My dataset is ~20 millions of rows, it takes ~ 8 GB of RAM. I'm runing my job with 2 executors, 10 GB RAM per executor, 2 cores per executor. Due to further transformations, data should be cached all at once.
I need to reduce duplicates based on 4 fields (choose any of duplicates). Two options: using groupBy
and using repartition
and mapPartitions
. The second approach allows you to specify num of partitions, and could perform faster because of this in some cases, right?

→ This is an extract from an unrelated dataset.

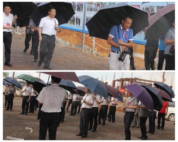 7月27日,自治区党委书记彭清华带领县委书记一行50多人冒雨到桂平市南木镇坝区弩滩村(大成塘)移民安置工程现场视察指导工作。集团公司副总经理侯立林、公司董事长、党委书记、总经理陈祖训及三分公司领导和项目负责人等迎接视察。

Could you please explain what option has better performance? Do both options has the same RAM consumption?
Using groupBy
dataSet
.groupBy(col1, col2, col3, col4)
.agg(
last(col5),
...
last(col17)
);
Using repartition
and mapPartitions
dataSet.sqlContext().createDataFrame(
dataSet
.repartition(parallelism, seq(asList(col1, col2, col3, col4)))
.toJavaRDD()
.mapPartitions(DatasetOps::reduce),
SCHEMA
);
private static Iterator<Row> reduce(Iterator<Row> itr) {
Comparator<Row> comparator = (row1, row2) -> Comparator
.comparing((Row r) -> r.getAs(name(col1)))
.thenComparing((Row r) -> r.getAs(name(col2)))
.thenComparingInt((Row r) -> r.getAs(name(col3)))
.thenComparingInt((Row r) -> r.getAs(name(col4)))
.compare(row1, row2);
List<Row> list = StreamSupport
.stream(Spliterators.spliteratorUnknownSize(itr, Spliterator.ORDERED), false)
.collect(collectingAndThen(toCollection(() -> new TreeSet<>(comparator)), ArrayList::new));
return list.iterator();
}